Serve para tudo. Há pessoas que gostam de música para entreter, outras para questionar, outras para usar no ginásio, outras para irem para a frente de uma linha costeira mandar pedras ao mar. A música é uma coisa que não tendo aquela primeira utilidade de que se fala tanto hoje em dia, é uma coisa quase como um canivete suíço, serve para tudo. Lembro-me de estar na maternidade quando a Sónia [Tavares] deu à luz o Fausto e de vir um casal ter connosco e estavam a ouvir The Gift, de casamentos em que abrem o baile com a mais baladeira, gótica música dos Moonspell. A música serve para tudo e é difícil contabilizar as sensações que este tipo de arte dá, que são tão mais poderosas e presentes. A música é sempre aquele amigo com quem nós não falamos e que às vezes até desprezamos e depois pensamos nele ou nela e dizemos ‘vá, deixa-me lá telefonar’. Como dizem os The Doors, "music is your only friend". Agora se entretém, se reivindica, se muda, se é política? É um pouco de tudo e acho que as bandas têm de conviver com isso, apesar da resistência que as vezes há por parte do público. "Façam música, não façam politica", dizem, e eu compreendo. As pessoas estão fartas de discursos e por vezes só querem é ouvir um bom heavy metal, sem máscara, soltar o cabelo e ir ali para o meio do moche. Nós se conseguirmos cumprir todos esses papéis estamos a cumprir o nosso papel principal enquanto banda que é ter uma espécie de conexão autêntica com as pessoas que nos ouvem.
A obra dos Moonspell tem muitas referências históricas e da história portuguesa. Numa altura em que a herança colonial está no centro do debate, já pensou em algum momento refletir ou escrever sobre esta parte da história?
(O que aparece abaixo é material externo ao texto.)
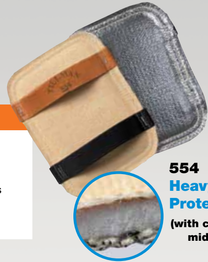
554 Heavy Duty Protection (with ceramic wool middle layer)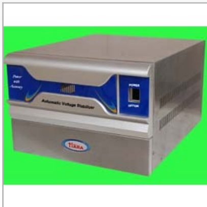
SSR-5KW Voltage Stabilizer Cab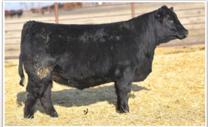
BCLR MISS EVENT F818 • DAM OF LOTS 36-37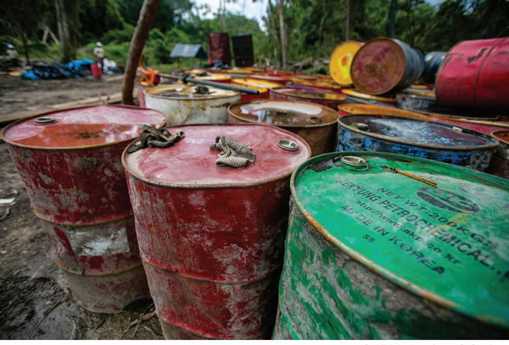
Barrels filled with crude waste after a recent PetroPeru spill.

Interessa-me a história de Portugal. Boa ou má é a nossa impressão digital no mundo. Recorro ao meu amigo Nietzsche que dizia que a nossa cultura iria evoluir para uma cultura de espécie judaico-cristã em que íamos apontar a culpa e o dedo a tudo e mais alguma coisa, mas que não teríamos a capacidade de perdoar. Que é uma coisa que está nos ensinamentos mais básicos, nomeadamente do cristianismo, que é uma cultura do perdão. Como tal, eu gostava de ver as pessoas que têm razões de queixa, como é óbvio, o colonialismo foi horrível, não só o português, mas o de todas as nações brancas que o fizeram. Mas na minha opinião estar a destruir esse passado ou estar a exercer violência sobre ele vai completamente ao encontro do que o Nietzsche dizia de a nossa cultura ser incapaz de perdoar. Ainda irei escrever alguns álbuns em português, como o 1755, sobre alguns aspetos da história de Portugal. Não a glorifico, mas também não a nego, como a própria história pessoal. Nós fazemos bem e fazemos mal. O mais errado aqui é o moralismo e a incapacidade de perdoar. Acho que podemos ter uma atitude construtiva nesse perdoar do colonialismo português, principalmente não da minha parte, mas das pessoas que sentiram, e que sentem isso na pele. Mas acho que estamos a ir num caminho muito perigoso, que depois envolve, como é óbvio, o cancelamento da arte, a destruição de estátuas, etc., e penso que ainda não temos a distância histórica para fazer as coisas dessa maneira. Preferia muito mais que houvesse um entendimento. Se não já tínhamos destruído qualquer vestígio do império Romano, que era um império estudado e adorado e foi provavelmente dos impérios mais sanguinários do mundo. É um assunto muito complexo, mas acho que a Arte e os artistas devem falar nele. Mas devem-se também colocar numa ótica de perdoar as coisas que estão malfeitas. Acho que é a única saída. As outras coisas vão contribuir para mais divisão e mais destruição.